I want to find all differentiable functions $f:\mathbb R \to \mathbb R$ such that $f\circ f=f$,
My attempt since $f$ is differentiable, $f'(f(x))f'(x)=f'(x)$ Now if $f'(x)\neq0$($f'=0$ means constant and they satisfy) then $f'(f(x))=1$, so we are looking for functions which satisfy $f'(f(x))=1$, How to proceed in this case? ($f(x)=x$ is also an obvious solution)
The only solutions are constants and $f(x)=x$.

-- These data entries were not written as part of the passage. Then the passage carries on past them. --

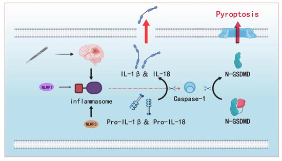 In the canonical inflammasome pathway, formed inflammasomes [73] bind to pro-caspase-1, pro-IL-1β, and pro-IL-18. Caspase-1 is activated first, followed by shearing to produce IL-1β and IL-18 [74]. IL-1β and IL-18 simultaneously cut GSDMD to separate its N- and C-termini. At this point, N-GSDMD is combined with membrane oligomerization, forming pores on the membrane [52], promoting the release of IL-1β and IL-18, and inducing a cascading immune response [75]. On the one hand, pyroptosis can affect brain functions, such as consciousness and language, through programmed neuronal death [76]. However, it also affects neuronal function and causes synaptic loss through the production of ROS, IL-1β, and IL-18 [77]. In addition to affecting the activation and distribution of microglia, astrocytes indirectly affect the internal environment of the nervous system and neurotransmitter production [78]. The hippocampus is an important organ for processing memory and consciousness in humans, and is more susceptible to damage from external sources because of its specific structure. Specifically, unlike other brain structures, the basal membrane covers only 30% of the vascular surface in the hippocampus, which facilitates the penetration of hormones and inflammatory factors into hippocampal neurons [79]. The use of ulinastatin to inhibit the release of pyroptosis-related molecules such as IL-1β and the inhibition inflammasome formation can effectively reduce the degree of inflammation in nerve cells [58]. In addition, cortical neurons, which are responsible for higher levels of consciousness and language, are also affected by pyroptosis [80]. Furthermore, its upstream target molecule, TNF-α, modulates the glutamate metabolism to produce excess glutamate, leading to toxicity, disturbing the balance between excitation and inhibition, and reducing neuronal excitability and synaptic activity [81] (Figure 2).
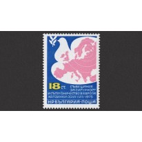 Na znaczku widnieją gołąbek pokoju i mapa Europy.
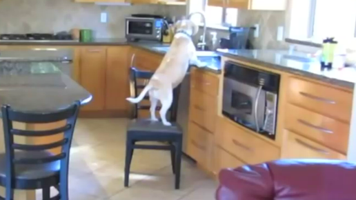 Пока хозяев нет дома. Пёс тащит котлеты из микроволновки
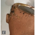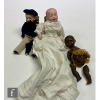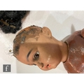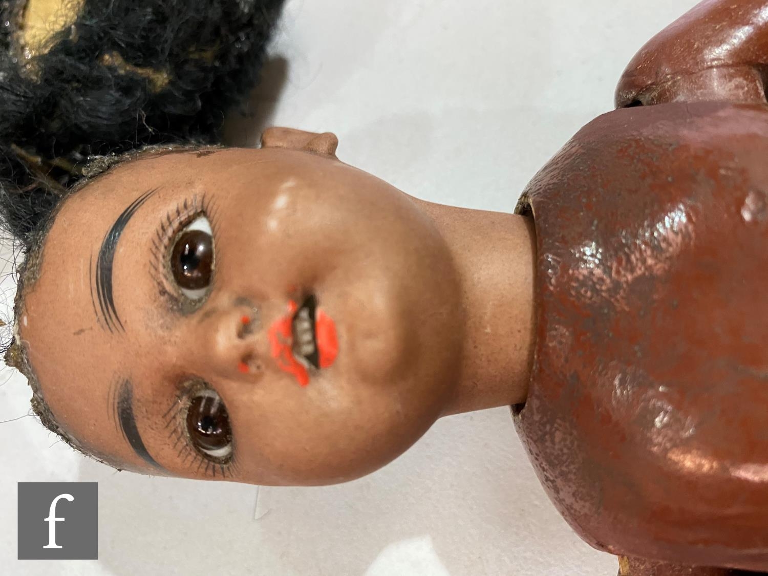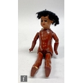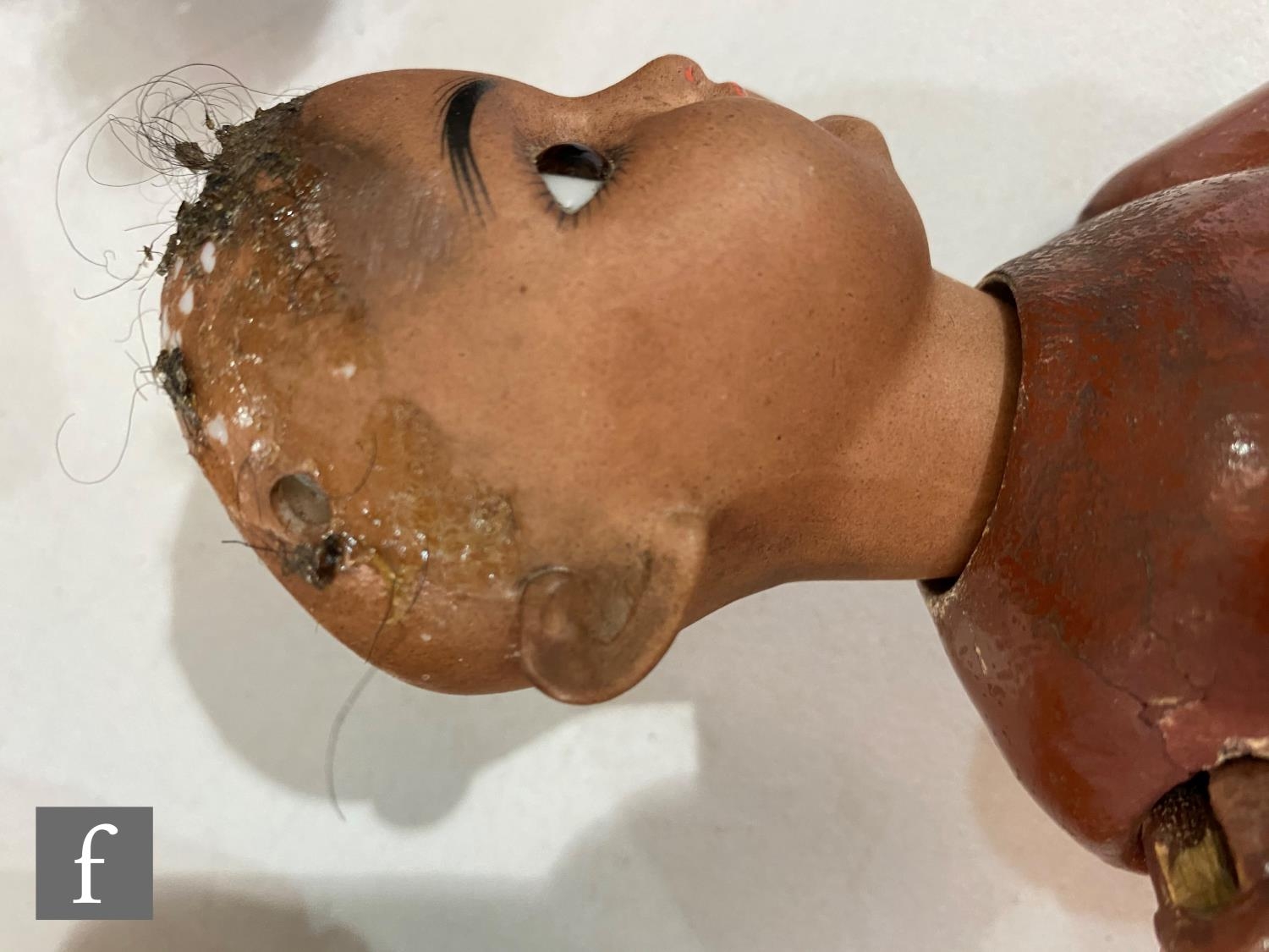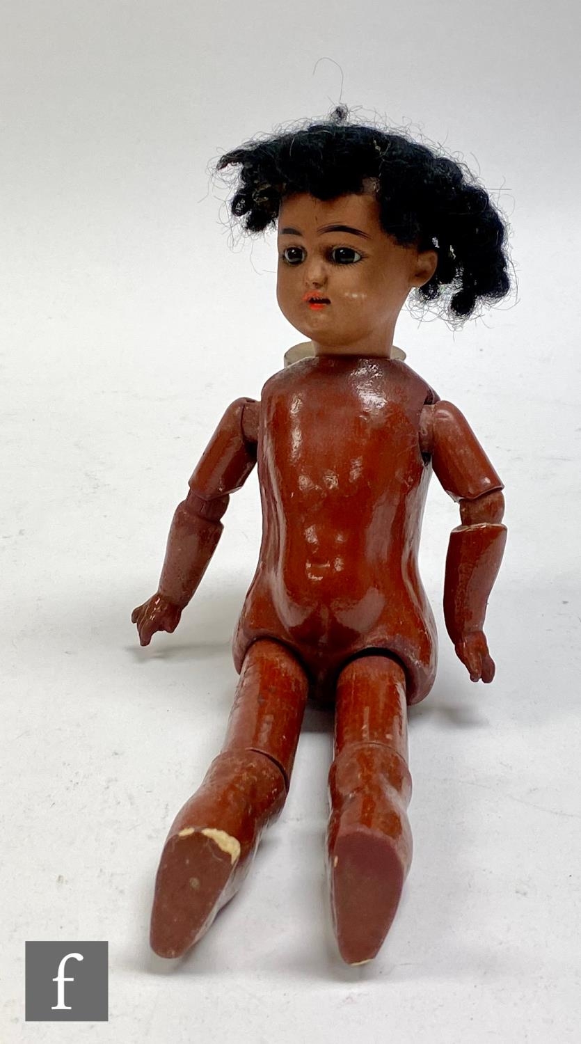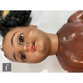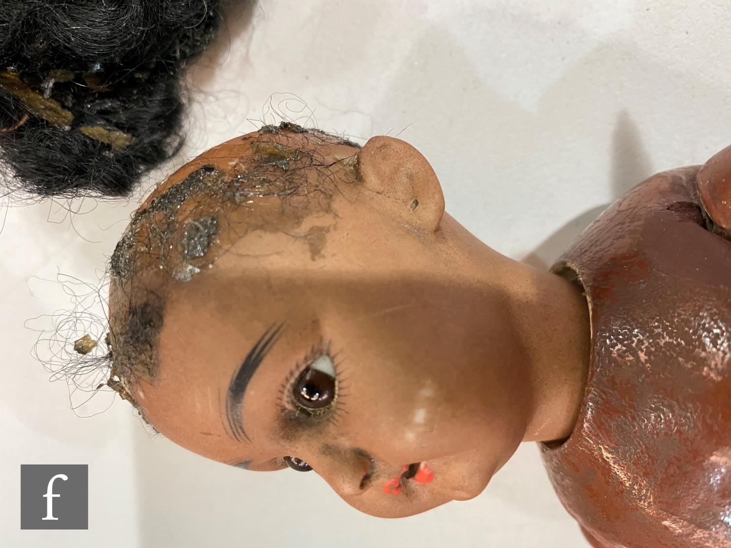 A Simon and Halbig bisque socket head black doll, with fixed brown eyes, open mouth with teeth, pierced ears, repainted features, with composition and wood jointed body, head impressed 1079 Germany S&H 2 1/2, height 28cm, S/D with some repairs.
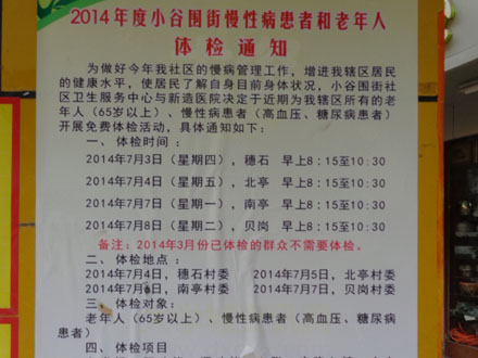 2014年度小谷围街慢性病患者和老年人体检通知发布(涉及四村
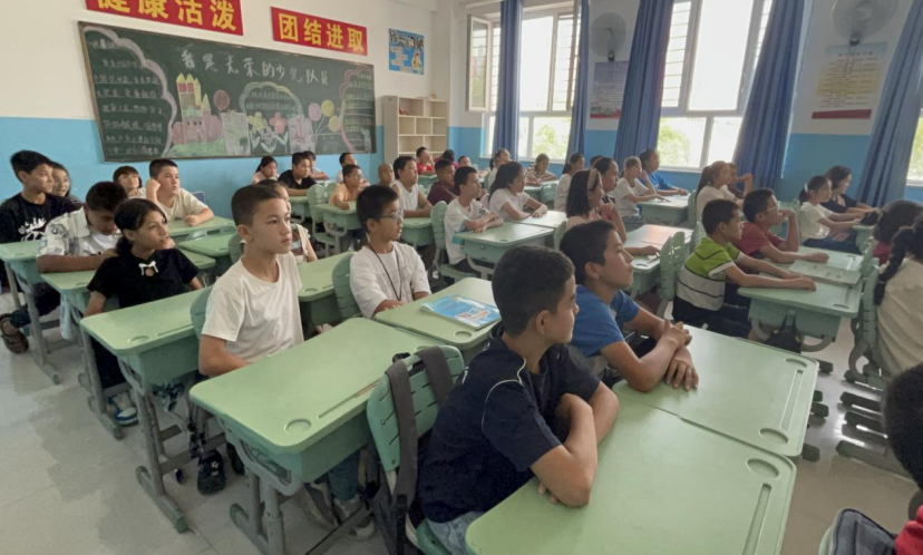 下午由于授课安排,我回到了队伍所负责的班级——五年级一班和二班。走进新的班级,面对崭新而又纯粹的面孔,他们的热情再一次将我打动:“老师你叫什么名字呀?”“你也是从山东来的吗?”“老师你也是老员工吗?”“今天上午怎么没有看见你啊老师?”我以为孩子们大多会沉默不善于表达,经过一下午的相处,发现他们并非如此。小朋友们上课抢着回答问题,下课也会围着我们问各种各样有趣却又意想不到、抑或让人苦笑不得的问题。“相逢的意义在于照亮彼此。”我想我将会永远记得孩子们的这份纯真,他们身上总有一种特质,让我觉得他们远比我想象的要更加勇敢和坚强。
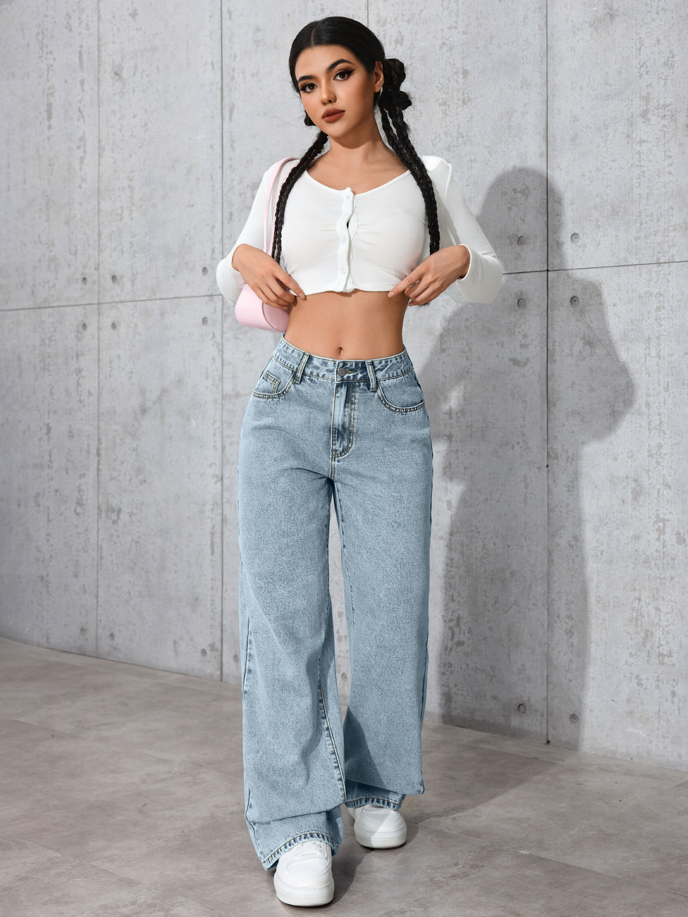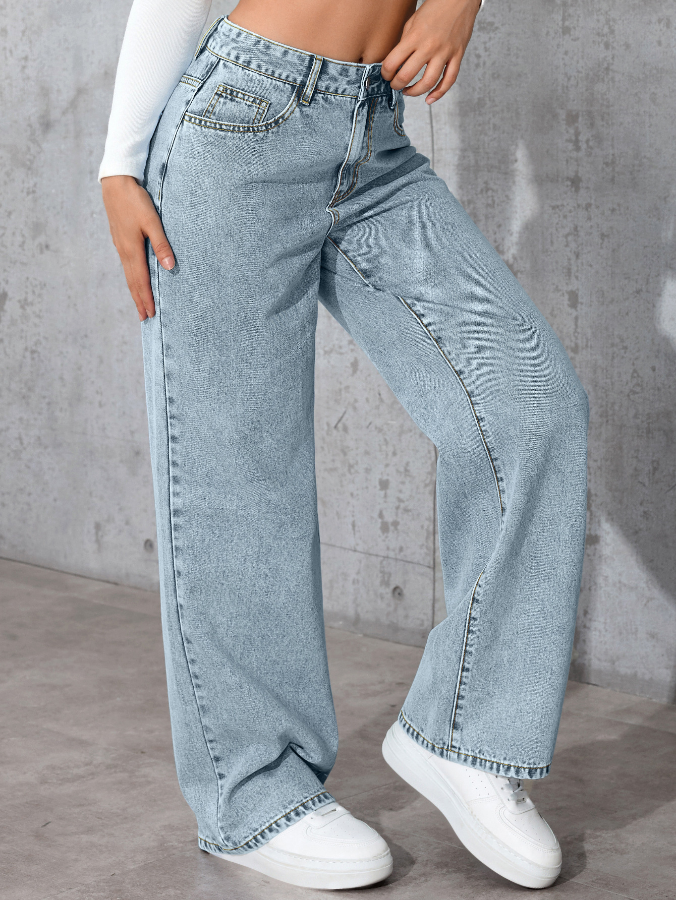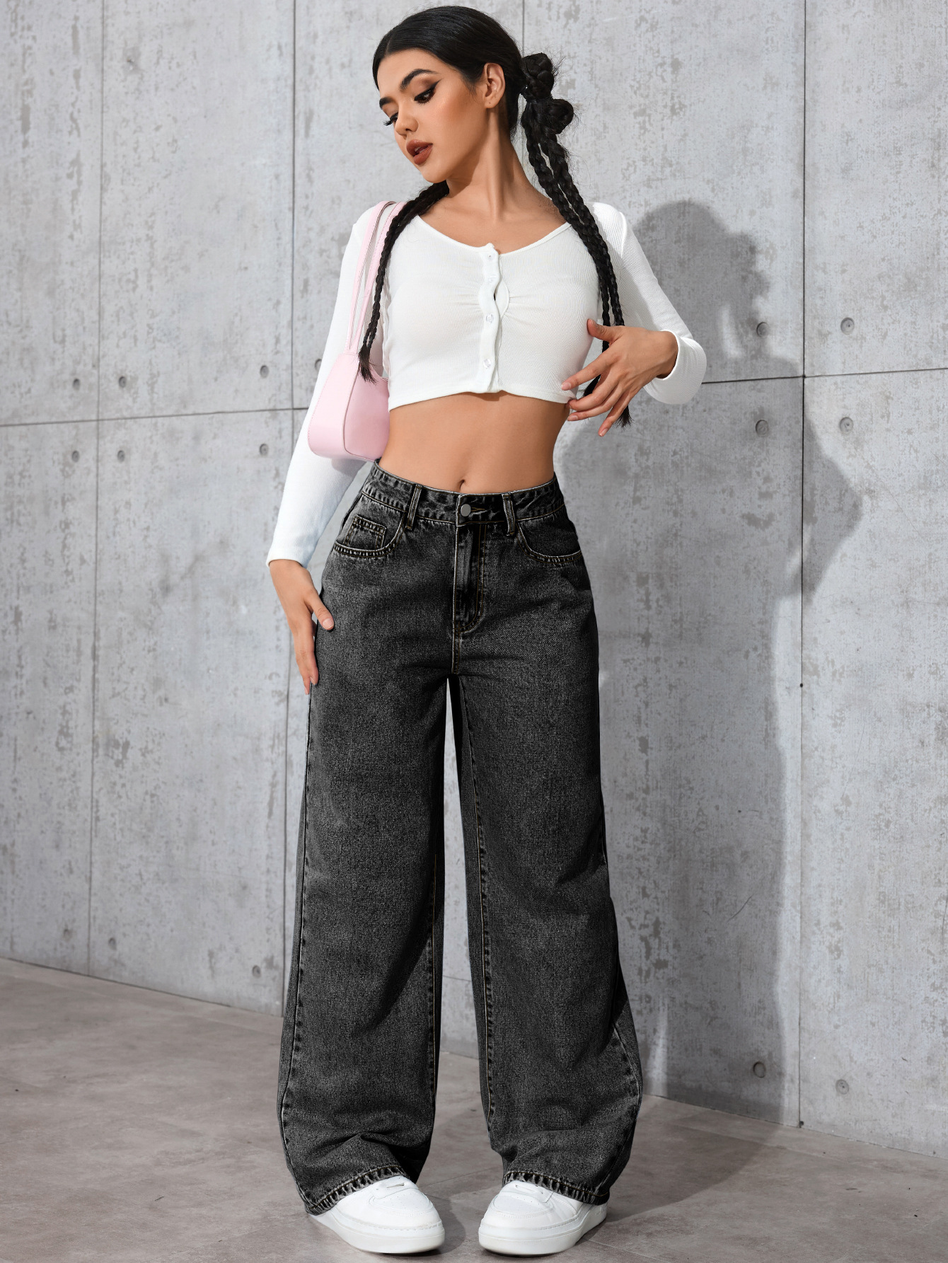 Womens High-waisted Straight-leg, Loose-fitting Casual Pants
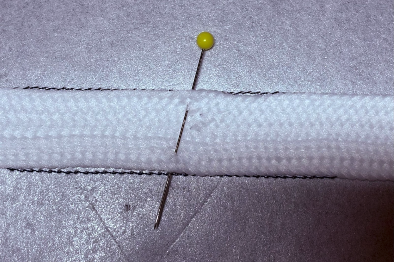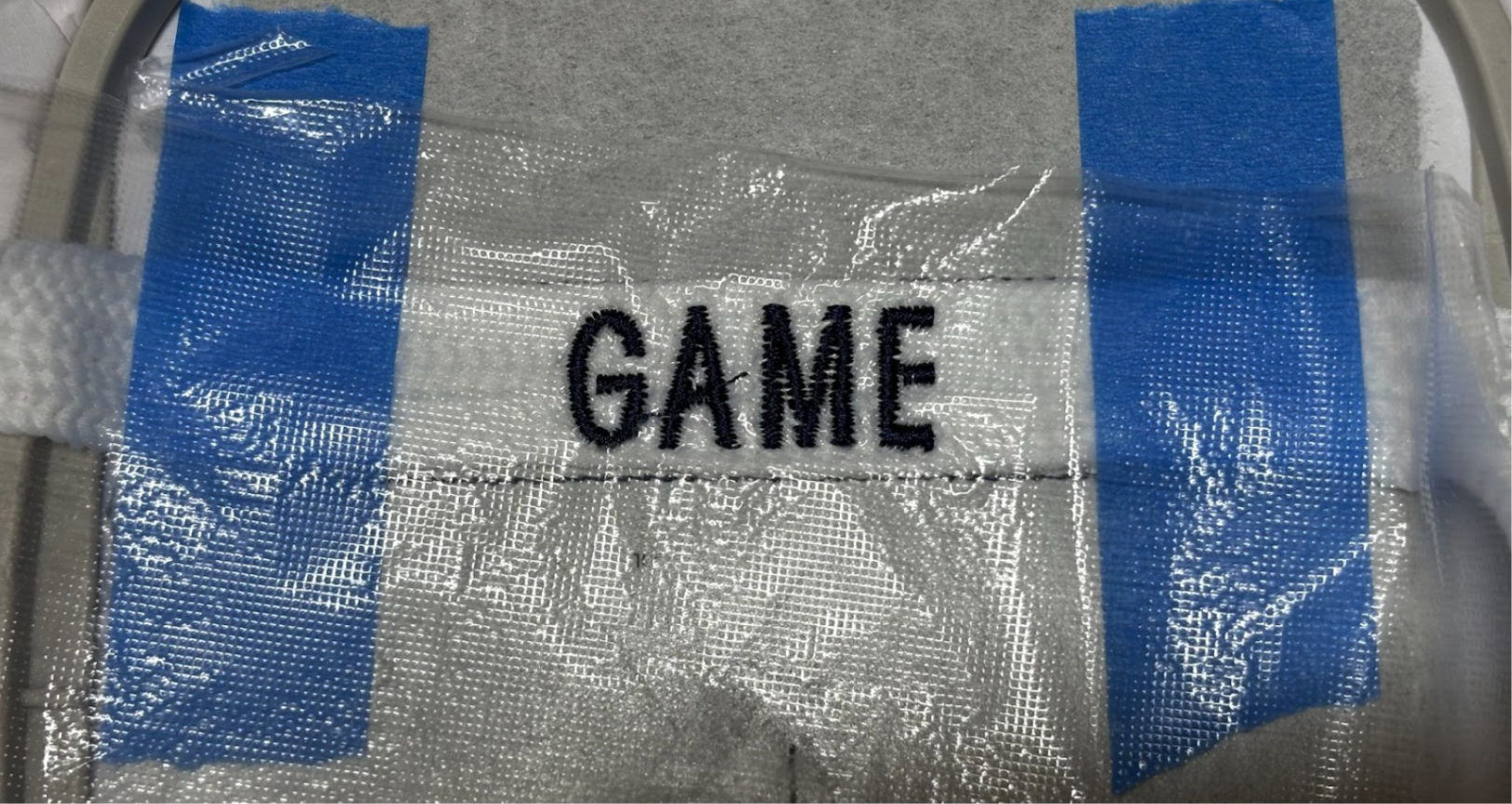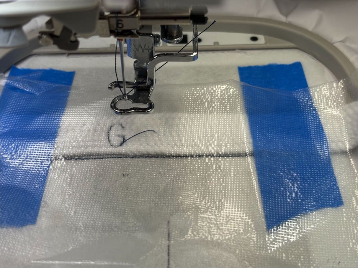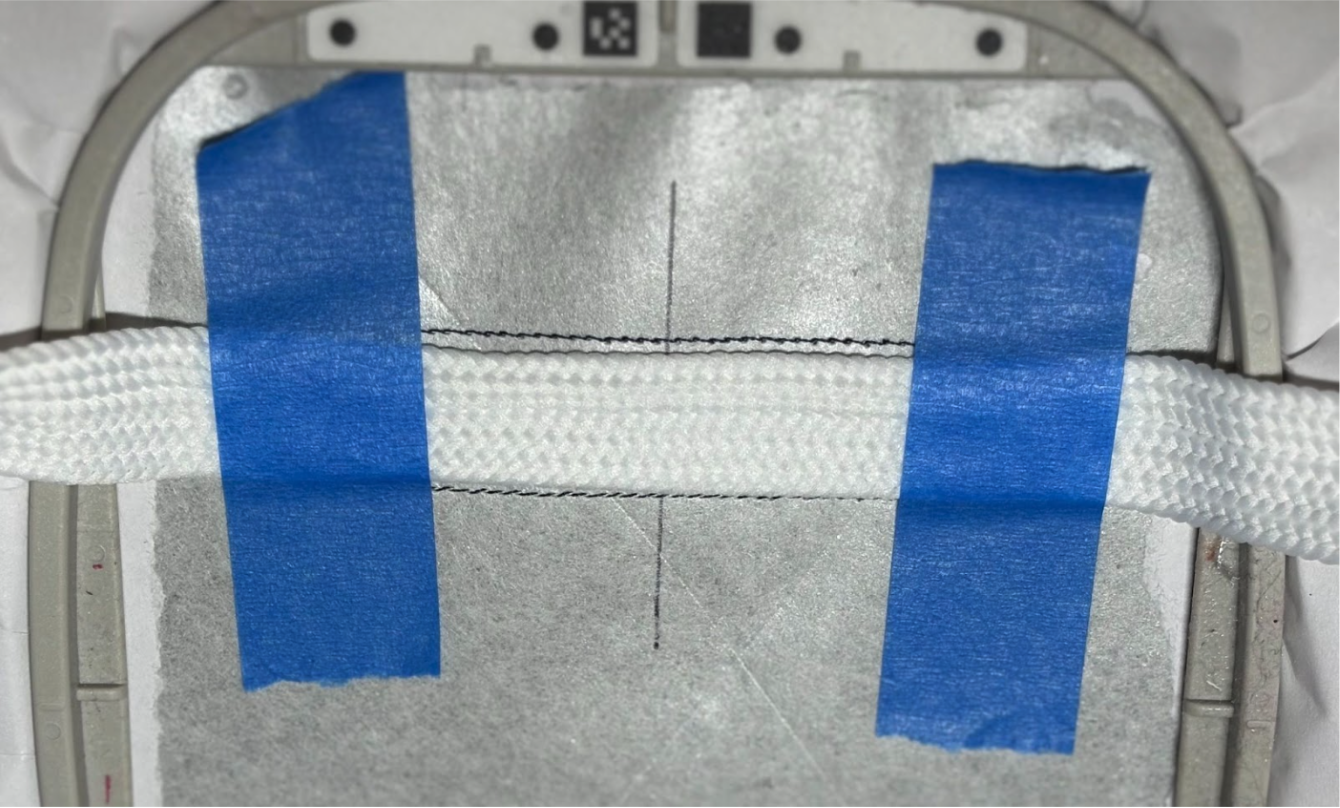 For added security and to keep the laces from shifting, place a small piece of tape on both sides of each lace before stitching. This will hold everything in place and give you a cleaner finish. Return the hoop to the machine.

Suppose $f$ isn't a constant. Let $X = f(\mathbb{R})$. $f$ is continuous, therefore $X$ is connected. Also, it is easy to see that $f(y)=y$ for all $y \in X$.
Let $x_0 = \inf X$. Suppose that $x_0 \neq - \infty$. From the above it is clear that $f(x_0 + \varepsilon) = x_0 + \varepsilon$ for all sufficiently small positive $\varepsilon$. From continuity we also have $f(x_0)=x_0$, so $x_0$ is in fact the minimum of $f$.
Now, on the one hand we see that $f'(x_0)=1$, and on the other hand $f'(x_0)=0$ by Fermat's theorem. This contradiction shows that $\inf X = -\infty$. In a similar fashion $\sup X = +\infty$, and therefore $X = \mathbb{R}$, which implies that $f(x)=x$ everywhere.